[MichaelZuo]

For a whitelist system, then by definition yes?

If it’s a blacklist system, like I said I’ve not heard of any feasible solution more precise than banning huge ranges of ipv6 addresses.

[Dylan16807]

> For a whitelist system, then by definition yes?

A whitelist system would consider all IPv4 traffic suspicious by default too. This is not an answer to why you'd be suspicious of IPv6 in particular.

> I’ve not heard of any feasible solution more precise than banning huge ranges of ipv6 addresses.

Handling /56s or something like that is about the same as handling individual IPv4 addresses.

[trollbridge]

I try to build things to be INET6 ready, and just repeat /64s like a single host. Eventually this will probably have to broadened to /56s or /48s.

[MichaelZuo]

> A whitelist system would consider all IPv4 traffic suspicious by default too.

Based on what argument…?

[Dylan16807]

The definition of whitelisting. The argument you brought up.

[MichaelZuo]

No…? Someone can clearly implement a whitelist system that applies only to ipv6… but that makes no judgement on ipv4.

[Dylan16807]

Let's back up a step. You said by definition a whitelist system would consider every IPv6 suspicious (until it's put on the list, presumably). What is that definition?

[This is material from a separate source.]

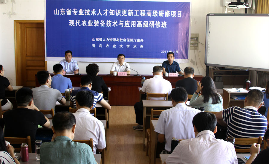由山东省人力资源与社会保障厅举办,蓝鲸体育承办的山东省专业技术人才知识更新工程高级研修项目——现代农业装备技术与应用高级研修班,于9月12日开班。刘军国副董事长出席开班仪式并致辞,蓝鲸体育经理李国梁主持开班仪式,学员代表、东营市农机监理站站长徐千祥在开班仪式上做了表态发言。

If "applies only to IPv6" is an optional decision someone could make, then it's not part of the definition of a whitelist system for IPs, right?

[MichaelZuo]

What are you talking about?

The prior comment was responding directly to your comment, not any comment preceding that.

Of course it’s no longer by definition if you expand the scope beyond an ipv6 whitelist as there are an infinite number of possible whitelists.